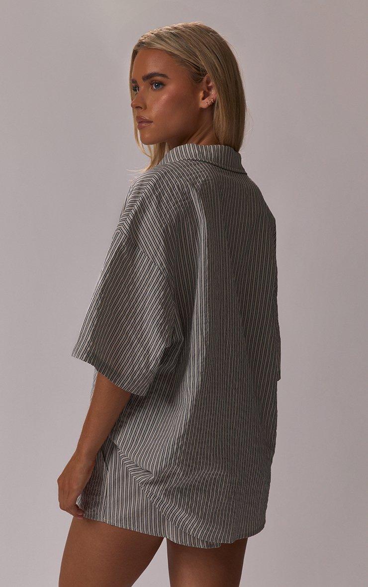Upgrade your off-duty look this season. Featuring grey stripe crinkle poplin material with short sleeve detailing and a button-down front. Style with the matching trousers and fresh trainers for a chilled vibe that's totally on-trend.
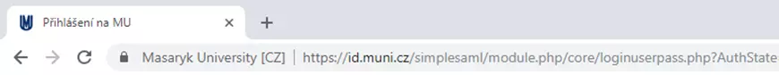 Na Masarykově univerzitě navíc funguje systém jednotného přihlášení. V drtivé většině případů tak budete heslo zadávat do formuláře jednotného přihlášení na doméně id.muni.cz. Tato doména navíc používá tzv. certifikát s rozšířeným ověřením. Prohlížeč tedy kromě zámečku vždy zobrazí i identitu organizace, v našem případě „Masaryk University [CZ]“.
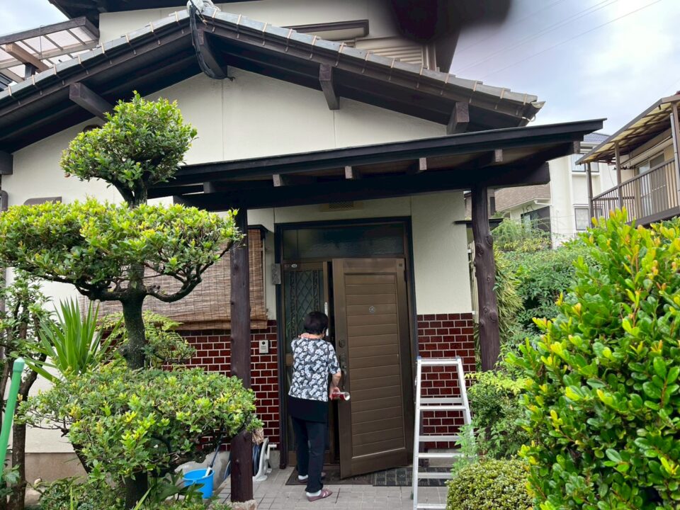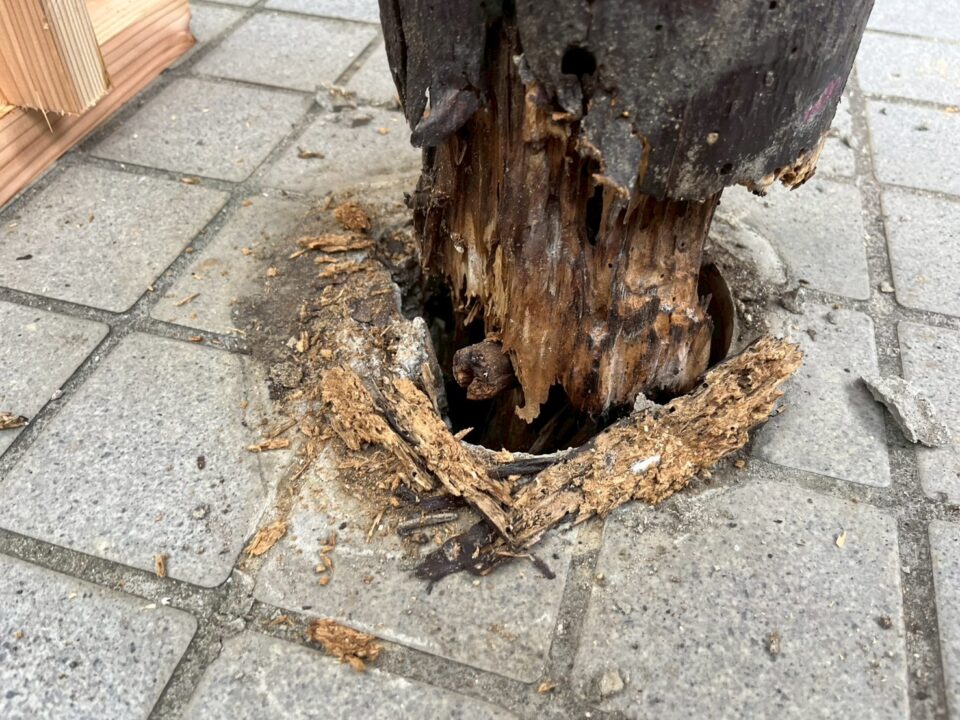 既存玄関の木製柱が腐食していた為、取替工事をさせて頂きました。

○ ○ ○ ○

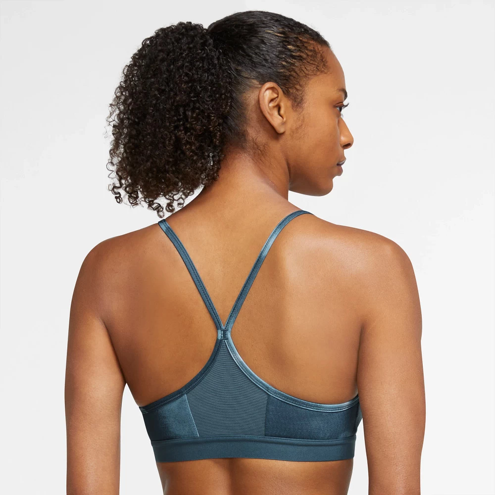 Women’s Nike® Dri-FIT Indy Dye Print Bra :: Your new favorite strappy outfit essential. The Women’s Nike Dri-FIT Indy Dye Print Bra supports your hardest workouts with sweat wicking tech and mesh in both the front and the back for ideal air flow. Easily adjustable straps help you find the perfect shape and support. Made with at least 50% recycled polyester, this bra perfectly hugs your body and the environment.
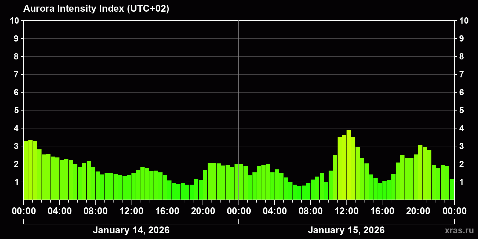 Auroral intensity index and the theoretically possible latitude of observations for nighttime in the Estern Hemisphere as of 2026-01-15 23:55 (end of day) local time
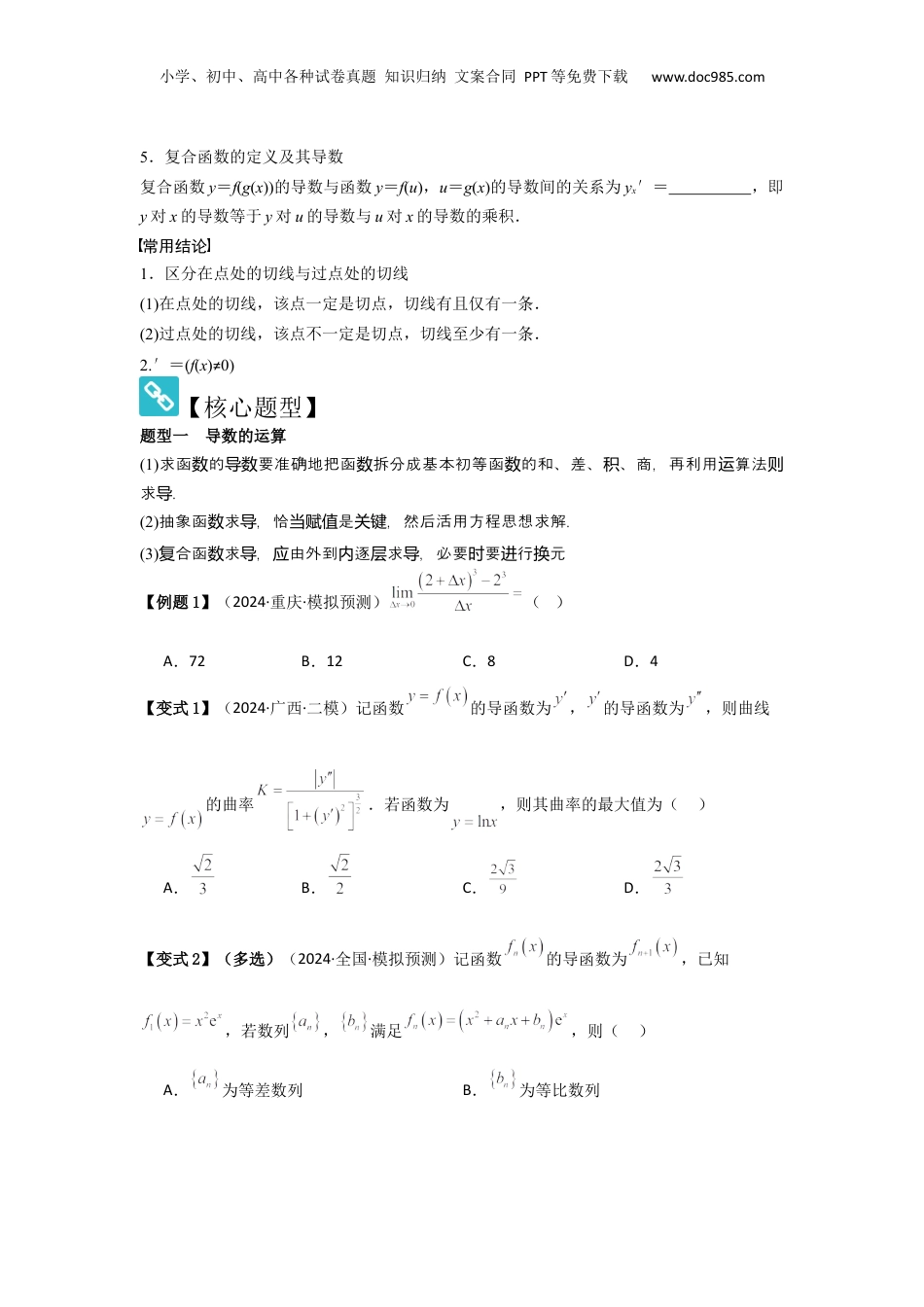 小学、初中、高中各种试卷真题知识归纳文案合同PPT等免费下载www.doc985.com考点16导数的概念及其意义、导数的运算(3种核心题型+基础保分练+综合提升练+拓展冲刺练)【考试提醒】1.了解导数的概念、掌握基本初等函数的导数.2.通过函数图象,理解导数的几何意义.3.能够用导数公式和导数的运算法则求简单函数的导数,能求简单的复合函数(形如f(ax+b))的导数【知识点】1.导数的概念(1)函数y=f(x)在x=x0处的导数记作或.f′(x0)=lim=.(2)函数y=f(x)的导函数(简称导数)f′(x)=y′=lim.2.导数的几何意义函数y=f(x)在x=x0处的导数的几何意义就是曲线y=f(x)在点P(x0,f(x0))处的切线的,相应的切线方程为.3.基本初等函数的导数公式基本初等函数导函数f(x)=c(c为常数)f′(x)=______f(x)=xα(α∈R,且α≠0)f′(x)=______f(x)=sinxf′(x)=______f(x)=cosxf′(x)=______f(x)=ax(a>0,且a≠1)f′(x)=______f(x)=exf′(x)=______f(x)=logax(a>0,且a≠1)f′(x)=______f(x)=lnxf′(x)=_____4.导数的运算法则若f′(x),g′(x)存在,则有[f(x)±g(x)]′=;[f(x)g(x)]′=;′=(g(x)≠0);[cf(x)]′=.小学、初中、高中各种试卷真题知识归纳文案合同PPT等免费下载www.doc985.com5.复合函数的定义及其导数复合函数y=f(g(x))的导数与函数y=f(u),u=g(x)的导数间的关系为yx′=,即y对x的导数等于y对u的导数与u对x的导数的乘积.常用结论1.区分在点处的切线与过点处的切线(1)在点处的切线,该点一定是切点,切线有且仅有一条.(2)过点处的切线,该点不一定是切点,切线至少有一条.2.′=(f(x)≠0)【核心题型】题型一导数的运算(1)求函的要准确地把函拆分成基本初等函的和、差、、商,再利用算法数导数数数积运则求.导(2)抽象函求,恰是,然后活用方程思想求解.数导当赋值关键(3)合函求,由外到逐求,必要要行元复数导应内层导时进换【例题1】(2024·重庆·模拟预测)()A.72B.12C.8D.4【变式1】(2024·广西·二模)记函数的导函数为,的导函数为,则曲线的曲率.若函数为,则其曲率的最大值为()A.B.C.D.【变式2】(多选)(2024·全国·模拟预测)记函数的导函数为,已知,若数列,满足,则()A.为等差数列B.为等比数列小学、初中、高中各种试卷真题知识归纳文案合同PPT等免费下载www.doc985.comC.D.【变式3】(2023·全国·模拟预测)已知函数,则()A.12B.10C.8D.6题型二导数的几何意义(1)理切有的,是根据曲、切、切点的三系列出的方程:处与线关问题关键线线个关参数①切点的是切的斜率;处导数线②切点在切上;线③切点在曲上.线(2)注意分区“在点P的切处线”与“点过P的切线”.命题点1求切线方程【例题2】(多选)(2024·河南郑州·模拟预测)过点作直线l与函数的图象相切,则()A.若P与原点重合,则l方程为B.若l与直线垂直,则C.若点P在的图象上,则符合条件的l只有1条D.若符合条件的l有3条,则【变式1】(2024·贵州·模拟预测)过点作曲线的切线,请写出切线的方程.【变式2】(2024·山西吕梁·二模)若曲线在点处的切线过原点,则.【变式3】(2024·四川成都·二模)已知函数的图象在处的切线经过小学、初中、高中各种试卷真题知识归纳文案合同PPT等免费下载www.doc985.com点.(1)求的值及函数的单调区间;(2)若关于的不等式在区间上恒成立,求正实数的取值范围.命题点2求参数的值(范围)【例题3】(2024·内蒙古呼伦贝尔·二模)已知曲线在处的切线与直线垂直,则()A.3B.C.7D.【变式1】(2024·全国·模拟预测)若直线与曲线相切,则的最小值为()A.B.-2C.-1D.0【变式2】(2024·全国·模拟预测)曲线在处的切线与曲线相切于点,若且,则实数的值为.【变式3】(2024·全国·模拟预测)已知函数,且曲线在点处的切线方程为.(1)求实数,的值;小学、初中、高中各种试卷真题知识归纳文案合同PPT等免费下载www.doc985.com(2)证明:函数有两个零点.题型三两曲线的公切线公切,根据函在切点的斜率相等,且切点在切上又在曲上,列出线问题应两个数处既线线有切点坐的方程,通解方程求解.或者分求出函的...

○ ○ ○ ○

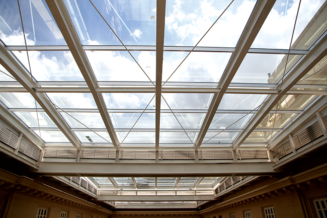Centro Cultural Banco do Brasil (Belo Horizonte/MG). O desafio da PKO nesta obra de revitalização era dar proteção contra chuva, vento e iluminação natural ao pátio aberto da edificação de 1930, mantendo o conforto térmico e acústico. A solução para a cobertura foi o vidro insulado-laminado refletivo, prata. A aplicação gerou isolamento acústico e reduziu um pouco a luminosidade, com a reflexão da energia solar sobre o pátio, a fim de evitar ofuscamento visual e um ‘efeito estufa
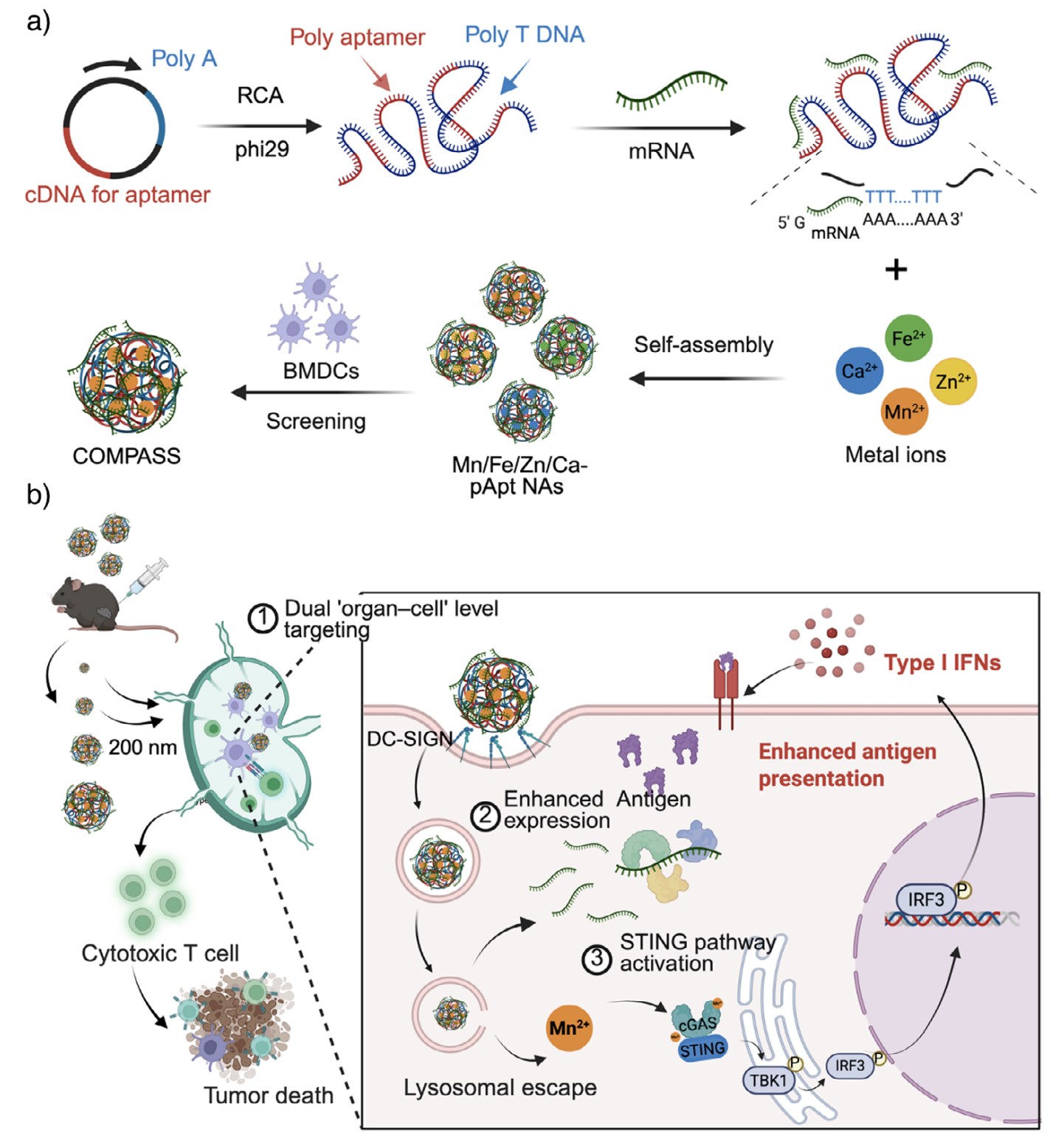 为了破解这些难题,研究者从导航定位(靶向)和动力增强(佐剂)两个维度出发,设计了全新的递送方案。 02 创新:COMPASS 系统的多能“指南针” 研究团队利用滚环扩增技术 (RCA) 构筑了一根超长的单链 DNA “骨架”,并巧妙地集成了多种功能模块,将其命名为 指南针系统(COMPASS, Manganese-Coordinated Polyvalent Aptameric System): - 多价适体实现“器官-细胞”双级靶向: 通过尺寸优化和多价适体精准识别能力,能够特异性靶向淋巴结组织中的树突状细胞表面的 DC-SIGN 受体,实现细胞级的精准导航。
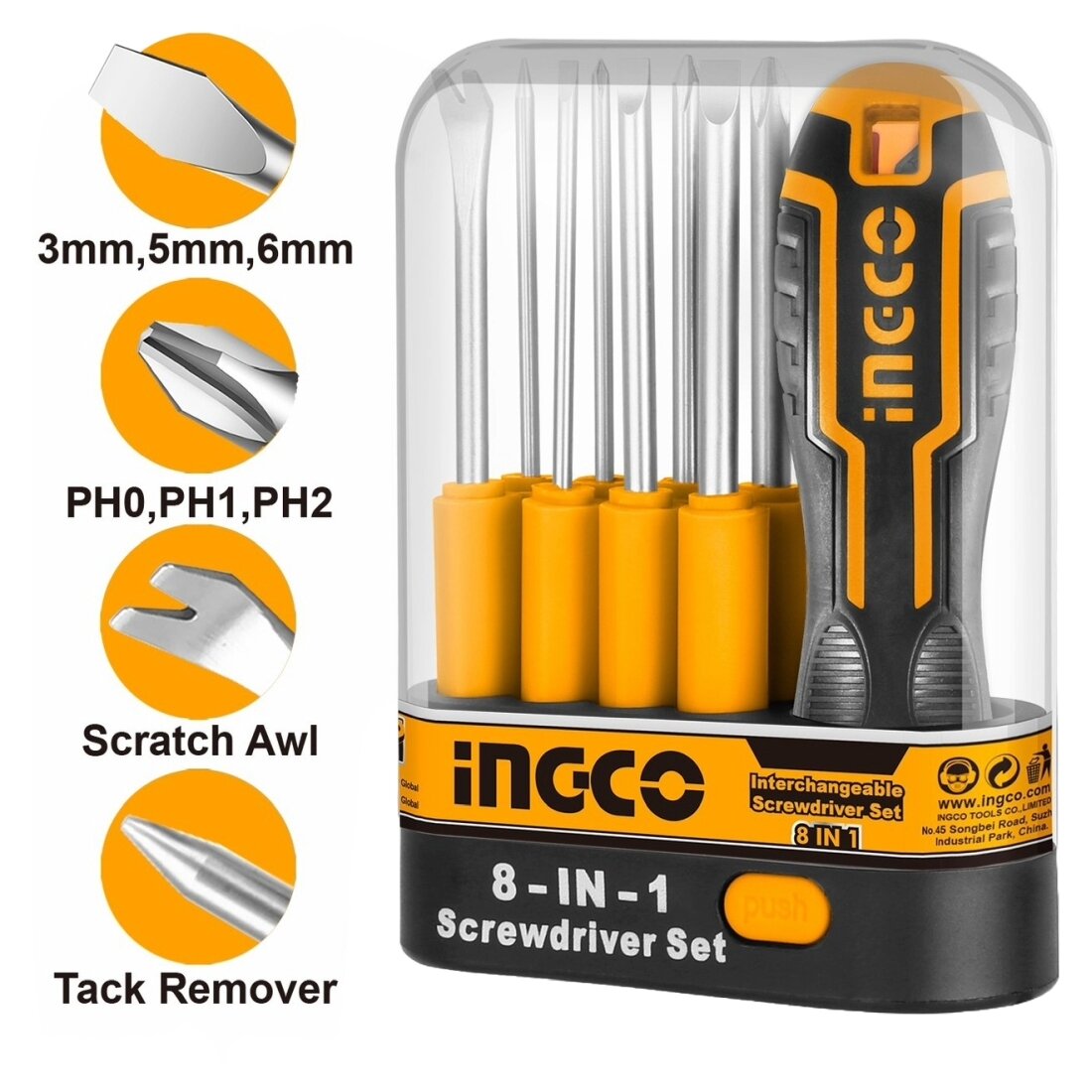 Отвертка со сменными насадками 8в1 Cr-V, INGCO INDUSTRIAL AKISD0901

○ ○ ○ ○

**PROMPT**:
Only one stretch of the material above is wanted: the line containing "Upgrade your off-duty" through the line containing "既存玄関の木製柱が腐食していた為、取替工事をさせて頂きました。". Restate it word for word, minus the pictures.

**ANSWER SPACE**:
Upgrade your off-duty look this season. Featuring grey stripe crinkle poplin material with short sleeve detailing and a button-down front. Style with the matching trousers and fresh trainers for a chilled vibe that's totally on-trend.
 Na Masarykově univerzitě navíc funguje systém jednotného přihlášení. V drtivé většině případů tak budete heslo zadávat do formuláře jednotného přihlášení na doméně id.muni.cz. Tato doména navíc používá tzv. certifikát s rozšířeným ověřením. Prohlížeč tedy kromě zámečku vždy zobrazí i identitu organizace, v našem případě „Masaryk University [CZ]“.
 既存玄関の木製柱が腐食していた為、取替工事をさせて頂きました。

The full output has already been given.